Словом, я была очень рада, что императрица не заставила меня окончательно порвать с ней, и как только я переступила порог, я попросила ее дать мне поцеловать руку и забыть все происшедшее за последние дни. Императрица начала было: «Но в самом деле, княгиня…» — но я прервала ее, сказав, что черная кошка проскочила между нами и не следует звать ее назад. Императрица, смеясь, заговорила о другом; я сама была очень весела и за обедом заставила ее хохотать.

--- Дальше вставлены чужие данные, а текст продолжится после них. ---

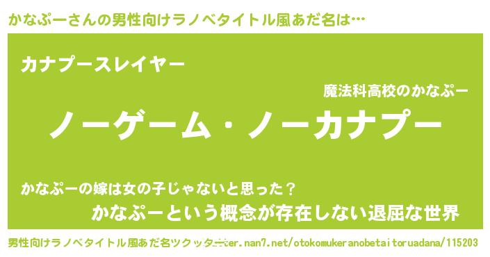 | 女子向けラノベタイトル風あだ名 | 『死神かなぷーの再婚』 |

Война с Швецией закончилась миром, подписанным в августе 1790 г. Можно было надеяться на заключение весьма славного для нас мира и с Турцией. Все радовались в Петербурге. Вскоре действительно был подписан мир, достойный высоких подвигов нашей армии, беззаветного патриотизма некоторых генералов и офицеров. Никакие интриги французов не могли впоследствии подвинуть Турцию на новую войну с Россией; она ее боялась. Мне хотелось увидеться с братом, пожить в моем любимом имении и совсем удалиться со службы и от жизни в туманной столице, но я не хотела уехать из Петербурга, не заплатив долгов дочери. У меня был еще свой долг в банке в тридцать две тысячи рублей, которым я ликвидировала свои заграничные долги[219]; мечтая о спокойной деревенской жизни, я решила продать свой петербургский дом и расстаться со столицей, покончив со всеми долгами, и тем приобрести спокойствие духа.

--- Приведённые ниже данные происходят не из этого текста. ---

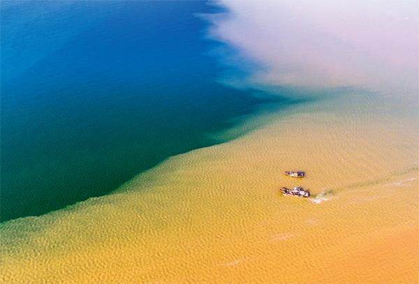 当蜿蜒5464公里的黄河东归渤海时,顿失晋陕大峡谷时的咆哮汹涌,以俯冲之姿跃入大海,幻化成一个个悦动的黄色音符,与蓝色海洋共同奏响一曲河海交响乐。

Щербинин подарил своей жене и своей двоюродной сестре, госпоже Б., по большому имению. Его мать и сестры просили учредить опеку над остальными имениями Щербинина, может быть в надежде, что вышеозначенные дарственные записи будут объявлены недействительными. Он сам мог бы расстроить опеку, так как закон об опеке над лицами, признанными неспособными к управлению своими имениями, так ясно соблюдает интересы владельца имений, что ему стоит только здраво ответить на некоторые вопросы, чтобы родным его было отказано в их просьбе учредить опеку. Однако Щербинин этого не сделал, и его мать и сестры даже убедили его, что они для его же блага предприняли этот шаг. Когда я освободила свою дочь, поручившись за нее, и отправила ее в Ахен, я велела принести себе векселя, подписанные ею; среди них я нашла счета, подписанные не только ею, но и ее мужем, и, судя по товарам, перечисленным в них, они очевидно были использованы самим Щербининым. Я не признала эти счета, не желая сознательно давать себя дурачить. Я поэтому снеслась с опекунами Щербинина и от них узнала, что он подарил своей жене прекрасное имение, причем дарственная запись была составлена с соблюдением всех требований закона. Я и сказала им, чтобы они обратились в Сенат, который один мог утвердить ее или признать недействительной и, рассмотрев представленные счета, решить, которые из них я должна заплатить полностью и которые они признают подлежащими уплате одним Щербининым или нами обоими. Дело в Сенате затянулось, и так как я не желала давать повод думать, что я хочу, чтобы имение было непременно присуждено дочери, тем более что в сущности я этого вовсе и не желала, так как знала, что моя дочь была в значительной степени виновна в расстройстве состояния своего мужа, я даже имела мужество сказать это генерал-прокурору, имевшему большое влияние на решение дела в ту или другую сторону, и просила только ускорить его, дабы я могла решить, надо ли мне продавать или заложить свои имения, чтобы заплатить долги дочери и, покончив с делами, уехать в деревню. Наконец Сенат вынес решение в пользу моей дочери; и императрица утвердила его. Я заплатила большую часть долгов моей дочери; остальные же обязалась уплатить вскоре по моем приезде в Москву.

вернуться

217

Зубов Платон Александрович (1767–1822) — фаворит Екатерины II (с 1789 г.), участник заговора 1801 г. против Павла I.

вернуться

218

В этой комнате были выставлены большая и малая бриллиантовые короны и все бриллианты. Когда императрица видела меня среди придворных в своей уборной, она всегда звала в эту комнату, где мы оставались с ней вдвоем и свободно разговаривали, пока ее причесывали. (Примеч. Е. Р. Дашковой.)

вернуться

219

Я заняла эти деньги на расходы, вызванные путешествиями и воспитанием сына. (Примеч. Е. Р. Дашковой.)